# Some engines I have, please let me know if you would like to see more



## chipstractor (Aug 18, 2008)




----------



## Stan (Aug 18, 2008)

Welcome to the board and great looking engines. I am sure everyone would be happy to see more.
Stan


----------



## Brass_Machine (Aug 18, 2008)

Nice! Very cool first post. I would recommend starting a post for each engine with videos, pictures and as much details on them as possible! 

Welcome to the club.

Eric


----------



## Cedge (Aug 18, 2008)

Chipster...
In a word.... Impressive!! I've really got to add a hit an miss to my collection one of these days. I visit Denton NC for their Old Time Threshermen's Reunion where there are literally hundreds of them running in camp sites all over the grounds.
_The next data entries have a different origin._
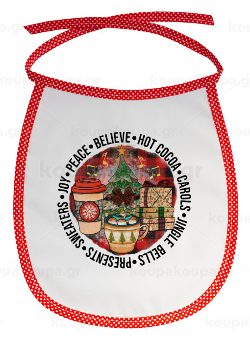 Joy, Peace, Believe, Hot Cocoa, Carols, Σαλιάρα μωρού αλέκιαστη με κορδόνι Κόκκινη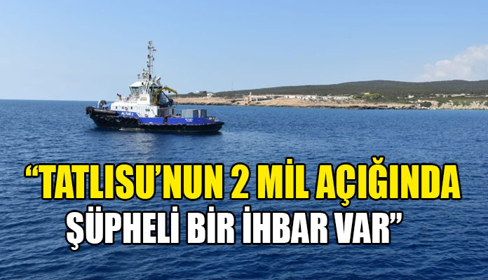 Başbakanlık Müsteşarı ve Kriz Komitesi Başkanı Hüseyin Amcaoğlu, Tatlısu’nun 2 mil açığında uydudan saptanan renk değişimi nedeniyle “şüpheli bir ihbar” olduğunu ve Kıyı Emniyeti’ne ait römorkörün yerinde tespit için söz konusu alana gitmek üzere hareket ettiğini açıkladı.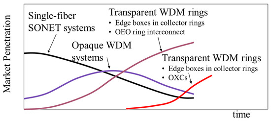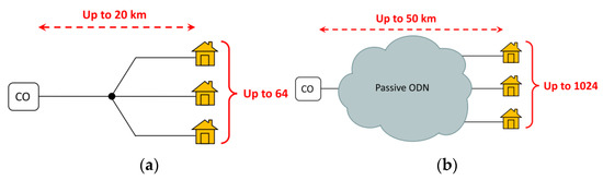 In the 1990s, although backbone networks could provide high-capacity links based on SONET/SDH systems (over 10 Gb/s), access networks were the limiting factor for the provision of broadband services to users, e.g., video on-demand, interactive/video games and video conferencing. Access networks, such as DSL, could provide relatively low bandwidth, especially in the upstream direction (in the order of a few hundred kb/s). Moreover, even if some versions of DSL could provide a higher bandwidth (50 Mb/s) in the downstream direction, the access distance is short enough (up to 6 km, or, in the case of 50 Mb/s, significantly less) [5]. It is worth mentioning that DOCSIS systems used by cable television operators provided not only cable television (CATV—Community Antenna Television) but also internet access over the existing infrastructure of HFC, covering a much longer distance (up to 160 km) and offering a broadband access (up to 1 Gb/s in the downstream direction). However, since these systems have been designed for broadcasting, their use as access networks by allocating bandwidth to users according to demands, it is not the most proper solution for broadband access. Nevertheless, HFC showed that troubleshooting existing access networks could be accomplished by the extensive use of fiber optics, which offer ample bandwidth with very low losses [6].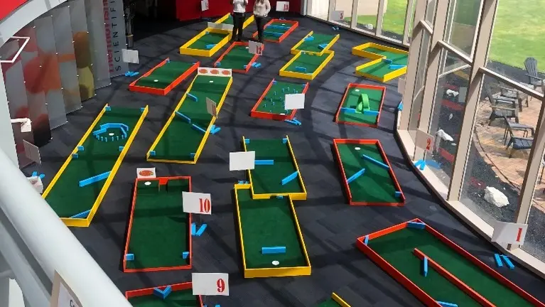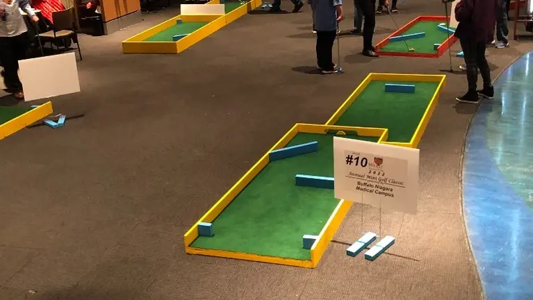 - This is truly a one-of-a-kind business model and competition is basically nonexistent. It is versatile to meet almost any clients' needs. We have set up in gyms, museums, businesses, outdoors, basically anywhere flat. We have run $1,000/foursome tournaments, proms, church events, family parties, events for individuals with special needs, and groups of guys just looking for fun. The course is bright, colorful, professional in appearance, and usually requires general maintenance periodically. has proven to be extremely durable.
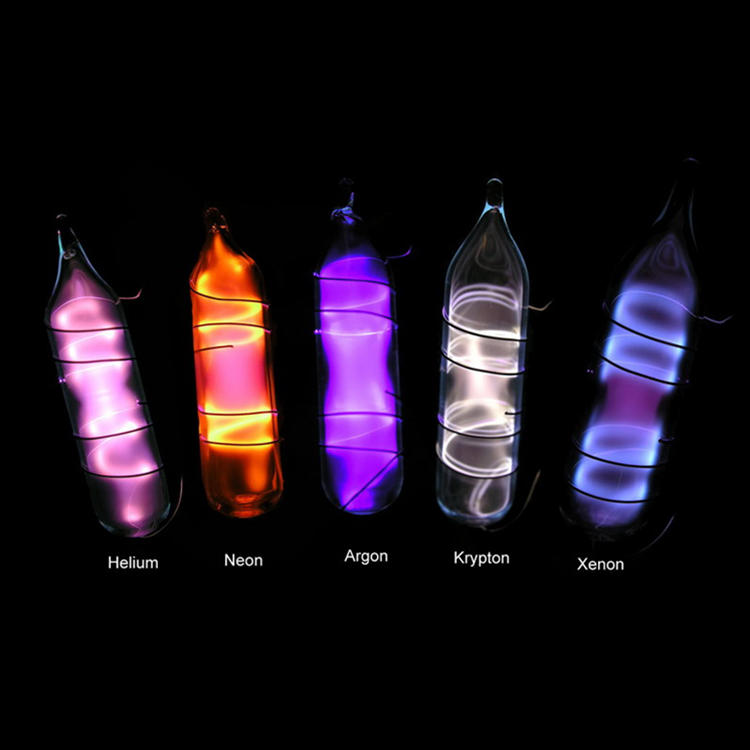 不同的氣體在不同的條件下會(huì)發(fā)出不一樣的光,一般氦氣—-橘紅 ,氖氣—-紅,氬氣—-藍(lán)紫氪氣—-黃綠,氙氣—-與陽(yáng)光顏色相同。
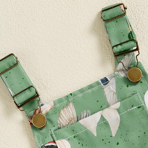 Kids Girls Overalls Shorts Duck/Bunny/Bow Print Sleeveless Square Neck Suspender Jumpsuit Summer Clothes (Green, 3-4 Years)
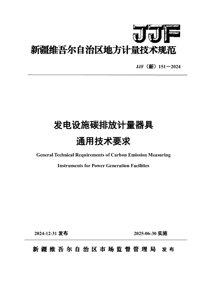 JJF(新)151-2024 发电设施碳排放计量器具通用技术要求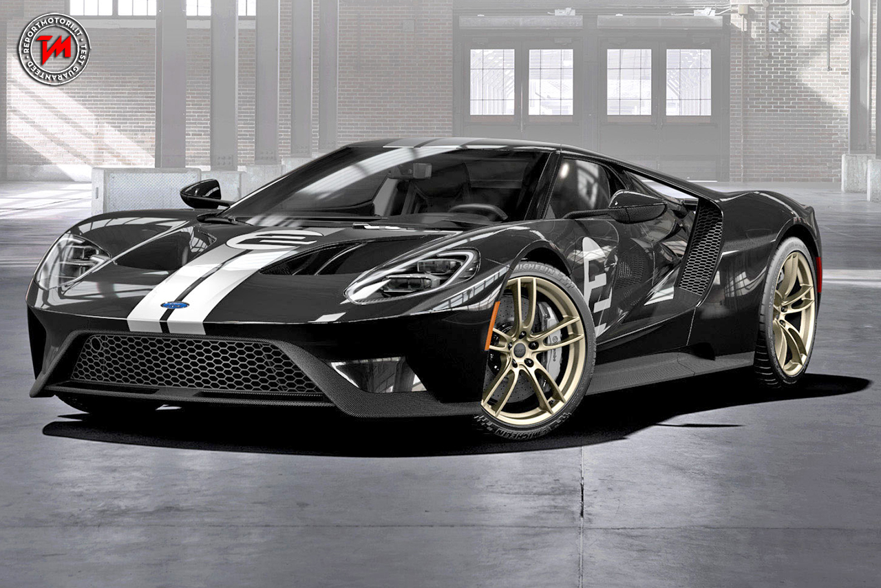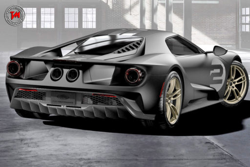 La carrozzeria in tonalità Shadow Black della Ford GT ’66 Heritage Edition , declinata in versione sia lucida che matta, è personalizzata con stripes in argento che attraversano centralmente cofano, tetto e alettone posteriore, adesivi a sfondo bianco con numero di gara #2 posizionati su cofano e portiere, dettagli in fibra di carbonio a vista e cerchi da 20’’ realizzati in blocco unico di alluminio forgiato, con finitura in oro satinato.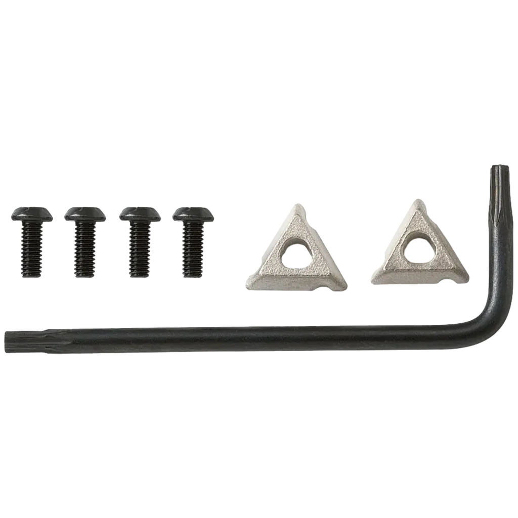 The Carbide Cutter Replacements are a must have for a number of multi-tool platforms. Once you have used all three rotations of the current insert, the replacement is easy using a T8 torque wrench, four replacement screws and two replacement blades, also included. Features: – Two Tungsten Carbide Cutter Replacements For Multi-Pliers – T8 Torque Wrench Included – Triple-Sided Cutting Surface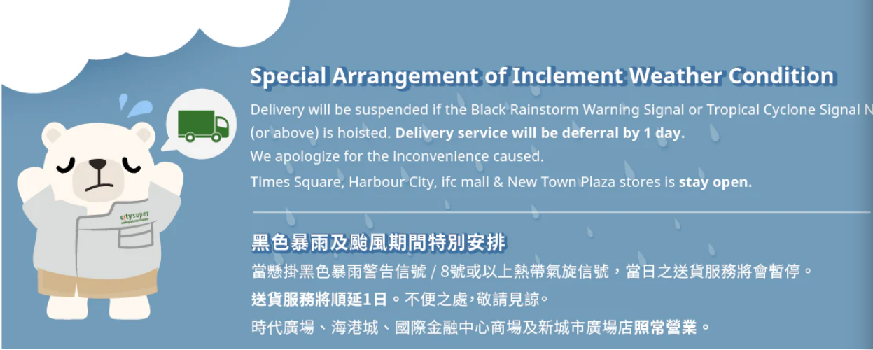 c!ty'super各大門市將照常營業。當懸掛黑色暴雨警告信號、8號或以上熱帶氣旋信號,當日的送貨服務將會暫停並順延1日。分店位於海港城港威商場、國際金融中心商場、時代廣場、新城巿廣場。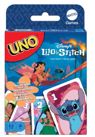 Fanúšikovia príbehov Lilo a Stitch si zamilujú túto tematickú UNO kartovú hru. S balíčkom kariet, inšpirovaným obľúbenými postavami a scénami z Lilo a Stitch, sa hráči snažia spojiť farby a čísla ako v klasickej hre UNO. Nechýba ani špeciálna karta s pravidlom „Ohana“, ktoré znamená, že každý hráč bude mať v ruke štyri karty! A keď vám zostane posledná karta, nezabudnite zakričať "UNO!"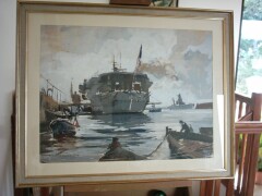 Dessin de "Morel-fatio"VAISSEAUX AU PORT encadré. prix: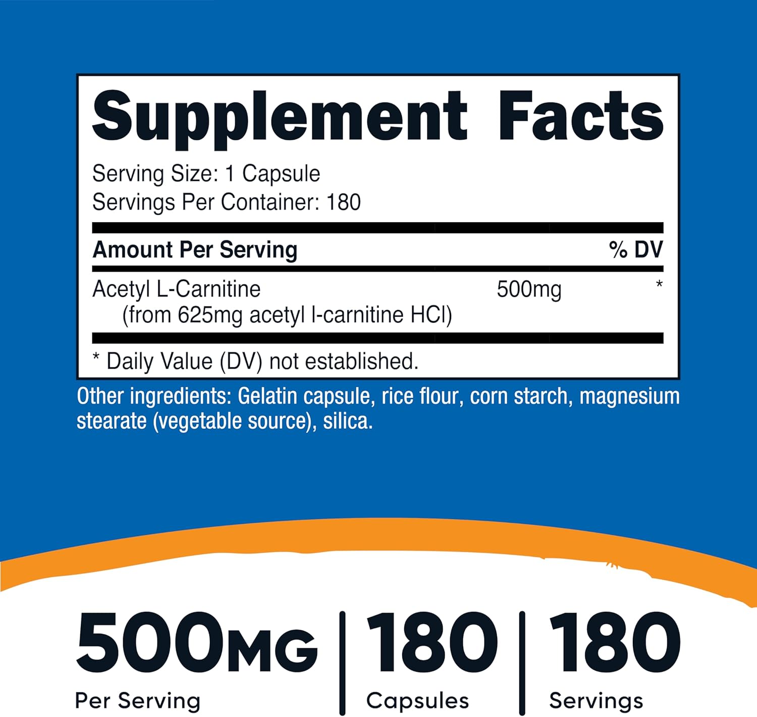 Nutricost Acetyl L-Carnitine (ALCAR) 500mg, 180 Capsules, 180 Servings – Non-GMO and Gluten Free, 1 Capsule per Serving
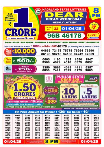 Dear Dream Wednesday Weekly Lottery 8pm Result 01-04-26

Quite a site and sound experience.

Steve 

Steve


----------



## chipstractor (Aug 19, 2008)

Thanks for the welcome. Here is a little background about the engines...

I have turned some of the flywheels, and milled some of the castings, but I must admit the engines are the creations of my neighbor. :bow:

A veteran of the "Antique Power" shows, my neighbor began to have troubles lugging around the old iron as he aged. Thus he began his home shop to create engines that were more managable to move around.

All are made from stock metals with the exception gears and sometimes the cranks. The castings are of his own design.

I found the butter churn in a crawl space, cleaned it up, and showed it to my engine building friend. Several weeks later I had an engine to run it with.

I have over 15 of these . If encouraged I will try and find the time to post more of them.


----------



## rake60 (Aug 20, 2008)

Welcome to HMEM chipstractor 

We love pictures and videos are even better!

Of course we want to see more! 

Rick


----------



## chipstractor (Aug 21, 2008)

I took Brass_machine suggestion and started some other threads. I have too many for a thread for each one so I am going with a thread per style.

I am curious if any other members have seen any engines that look like they could be made by the same man. It would be interesting to hear of there whereabouts and see pictures.


----------



## Stan (Aug 21, 2008)

I do a little work with a museum and I have lots of engine pictures. Here are a couple of examples that might be of interest. I expect to be there on Labor Day weekend and if you want more pictures let me know.


----------



## chipstractor (Aug 24, 2008)

Stan,
 Thanks for the pictures. I really like to hear the big ones run. I do like the small ones since I can run them without so much effort.


----------